When it comes to the size of economy, China ranked second in the world in 2019, with a nominal GDP of $14.36 trillion. Furthermore, China’s foreign trade has registered leapfrog growth, as the value of imports and exports soared from $20.6 billion in 1978 to $4.62 trillion in 2018. By 2013, China had already become the largest trader in the world. In terms of investment, China has retained its status as the second-largest foreign direct investor and recipient of foreign investment. At present, China has become an important engine driving global economic development.
In recent years, the dependency of China on the global economy has been decreasing, while that of the world on the Chinese economy is increasing. As a consumer market, supplier and capital provider, China is playing a more and more pivotal role. According to a recent report by the McKinsey Global Institute, the world’s economic exposure to China gradually rose from 2000 to 2017. Developed economies were increasingly dependent on Chinese market demand, and their exports to China doubled during the period.
In the past ten years, the driving force of domestic demand has strengthened. In 2019, final consumption expenditure contributed nearly 58% to GDP growth. It is predicted that China’s share of consumption will account for 16% of global spending by 2030, making China the largest consumer market in the world. The expanding consumer market in China has also provided important investment opportunities for enterprises at home and abroad. As multinationals have taken the Chinese market increasingly seriously, the subsequent rate of penetration into the market has been rising.

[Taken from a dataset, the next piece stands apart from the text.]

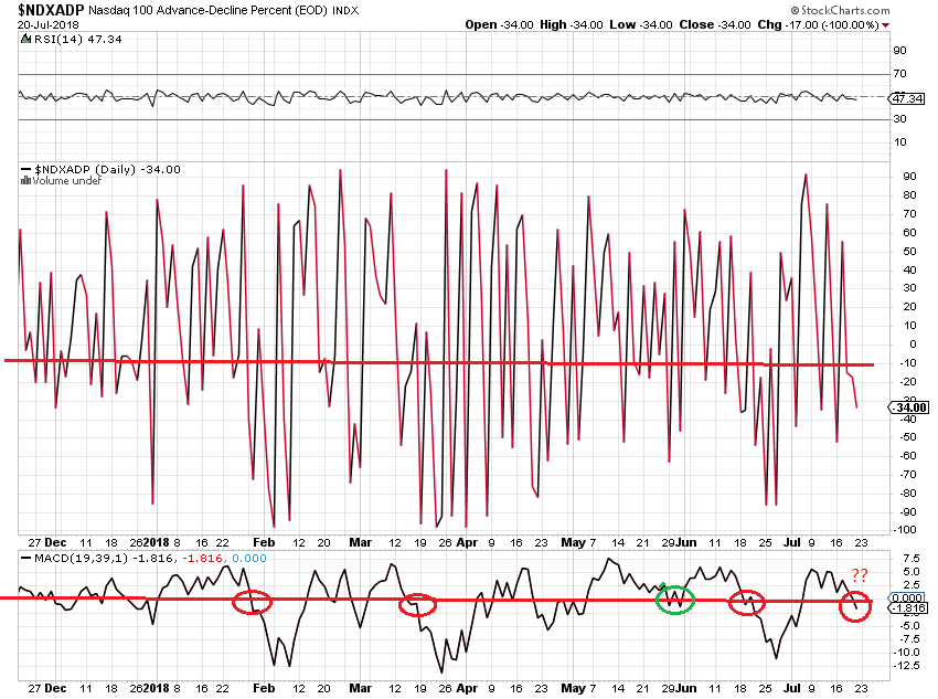 从ndx的几个breadth指标看,qqq目前的走势处于或牛或熊的临界点。ndxmo(定义见前博文)已经跌破零线,开始处于进入熊区,ndxa50r已跌至20天均线,处于牛熊的分界点。ndxa200r前二天逆市上涨,暗示前期深跌的股正在补涨,可是周五该指数大幅下滑,暗示MM已经由拉升变为出货?日线图和breadth指标均显示,qqq目前走势处正在临界点,暂时还不能预测qqq是否下周一是否跳空下跌。

Technologically, China has adopted global standards for industries like basic materials, electronic components, electronic products, chemicals, transportation and equipment manufacturing. Local enterprises have been capable of producing more than 60% of related technologies independently. The localization of the technology market is noticeable.
In the meantime, research and development expenditure has increased by leaps and bounds, and China’s capacity for technological innovation has been improving steadily. Data released by iiMedia Research shows that the number of accepted patent applications filed by China grew from 828,000 in 2008 to 4.323 million in 2018, an amount that has more than quadrupled. Despite China’s deep integration into global value chains through technological innovation and the impressive market share of many science and technology enterprises in key areas, it is undeniable that competing countries have China in a chokehold when it comes to core technologies like semiconductors and optical devices.
Additionally, the circle of China’s friends and partners in the Belt and Road (B&R) initiative is expanding, bringing into being two-way channels featuring mutual help between the East and the West. In 2019, the volume of Chinese imports from and exports to countries along the B&R grew 11%, 3.2 times higher than the growth of all foreign trade among the countries involved in the initiative. By the end of 2018, China-EU freight trains, the flagship project of the B&R initiative, had made a total of 14,000 trips, connecting China with 50 cities in 15 European countries. The B&R initiative has given a boost to China in creating a new landscape of opening up, marked by mutual help between the East and the West.
The evolution of global value chains has driven China to integrate into the international labor division system, but the country has been trapped at the “low end.” In this light, China should lower costs of innovation by building new innovation alliances, accelerate the aggregation of innovation resources to enhance efficiency, and develop financial technologies to bolster enterprises’ innovation, among other measures, thereby moving up into the high end of global value chains as a major innovative country.
Liu Bin and Wang Xiaona are from the Academy of China Open Economy Studies at the University of International Business and Economics.